The ensemble consists of three neural networks:
- Amazon Rekognition content moderation service;
- A neural network specified for detecting temporal classes such as sexual actions, which utilizes a fine-tuned customized X-CLIP;
- An image recognition neural network designed to identify inappropriate frames, utilizing the vision transformer ViT-G/14 OpenCLIP and NSFW objects image detector.
Such a three-model ensemble provides us with several advantages over using a single model. Each of the three models has specific flaws, while using them altogether we do cross-checking and ensure that nothing is missed - in all possible types of “bad” instances, including actions, objects, and wrong words.
Next, we used a fine-tuned diffusion neural network based on the CLIP ViT-L/14 text encoder and MOVQ image decoder that could effectively and realistically dress these characters. We needed to deliver a system that places clothes correctly on the characters without creating unwanted content or mistakes like problems with eyes or hands (see Picture 1 below). This was challenging because natural language can be unclear, and image quality is difficult to measure accurately.
To evaluate the system’s performance, we used detection models. If the models recognized the generated picture with a high level of certainty, the generated content was correct, while its failure signified errors in the generated content.
Picture 1 - Example of poor generation results
Lastly, because the objects in the video always move, our AI system had to track the characters in real-time and adjust the placement of clothes accordingly. To solve this, we included neighboring frames with text “commands” embedded as the input to the diffusion model to capture all movements in the scene.

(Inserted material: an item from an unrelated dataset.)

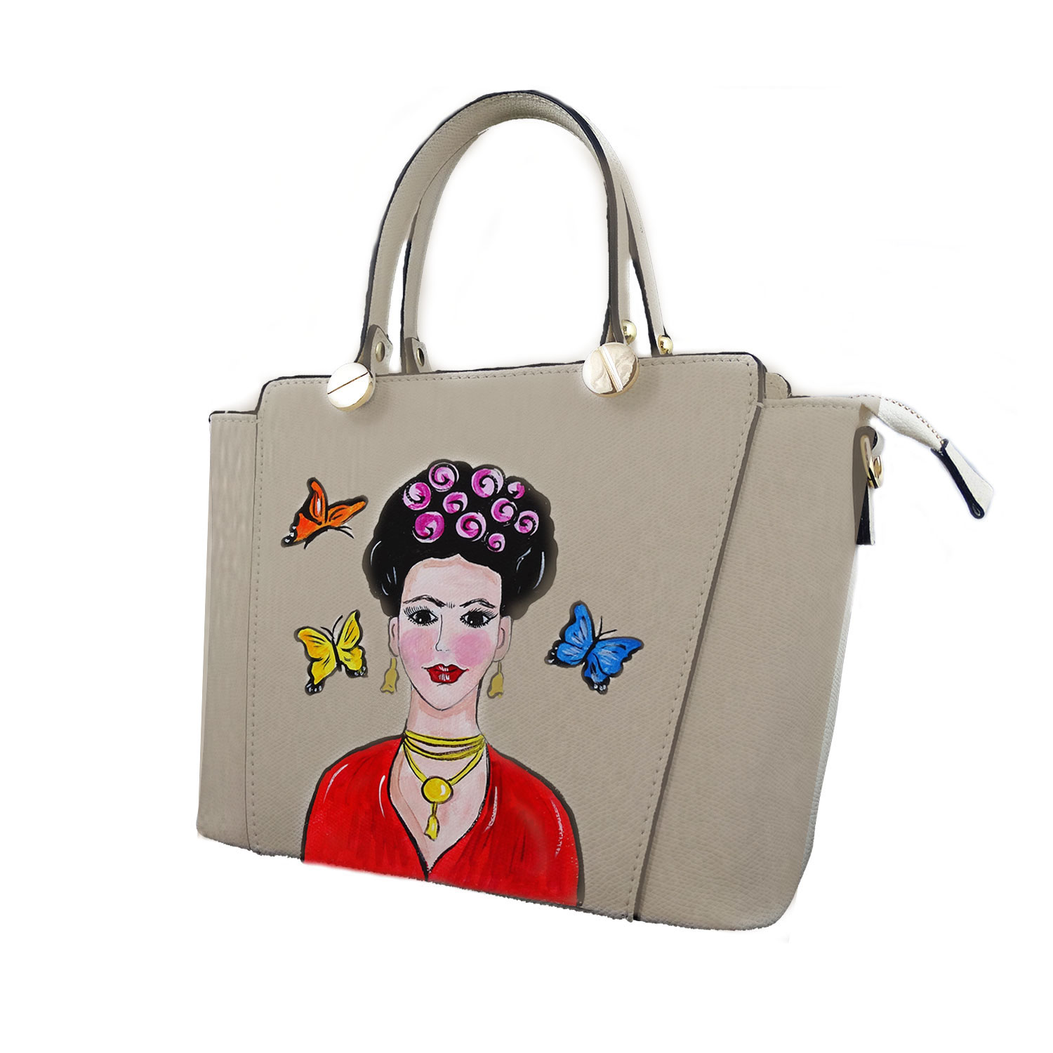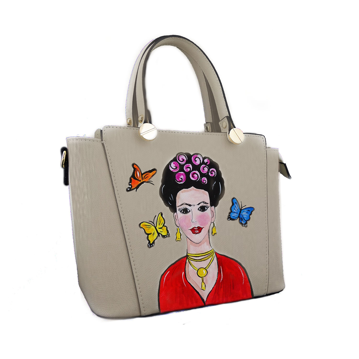 Borsa dipinta a mano – Mi Amor! Frida Kahlo: da una interpretazione che ne vuole esaltare il lato gioioso di Frida Kahlo e la voglia di vivere di chi come lei la vita l’ ha amata appassionatamente. Passionale, giocosa, curiosa. Queste sono le caratteristiche di questo accessorio che omaggia Frida Kahlo, la famosa pittrice messicana vissuta nella prima metà del ‘900.
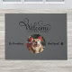 Este tapete personalizado com foto de cachorro é o presente perfeito para qualquer amante de cães. Este design inclui as palavras "Bem-vindo à nossa casa", um espaço para adicionar seu nome e o nome do seu cachorro, e um espaço para adicionar sua própria foto. Aproveite!

The project is challenging but feasible, and the team is now working on it to provide an effective AI solution for the client. This will allow the client to offer a better viewing experience for their audience and reduce manual work on capturing explicit content.
You can see some examples of the system work below (Picture 2, Picture 3):
Picture 2 - Original image
Picture 3 - Example of successful generation
Arkadiy S., Data Scientist at Inventale
The above is just one example of the many possibilities that generative AI can offer businesses. It can create novel images, make product descriptions, compose pieces of music, give us efficient virtual assistants, provide new medicines, and much more. It is an exciting field with endless potential, and the outputs can be fantastic.
However, working with generative does require skills, experience, and curious minds to overcome difficulties. And there are still a number of challenges:
- If we continue speaking about Video Inpainting, we should say that it is very difficult from the computational perspective, so it is either very expensive or time-consuming - you choose;
- It is always “human-in-the-loop”, involving a specialist monitoring the system and dealing with its errors and mistakes. And do not forget that humans make mistakes themselves too;
- There is a phenomenon of so-called “Bias in AI” when the system output can be prejudiced due to erroneous assumptions;
- While with common software code, one can always find and correct errors, with neural networks, it is not evident why they have generated this or that result (Explainable AI (XAI) problem). Finding the answers requires time, and one has to look for similar data and go through the generating process to replicate the same result in the attempts to understand why and how.
You see that being so powerful, Generative AI at the same time is more challenging to apply than it may seem. As for Inventale, we continue to explore its capabilities in our current projects and will be coming up with new interesting stories soon!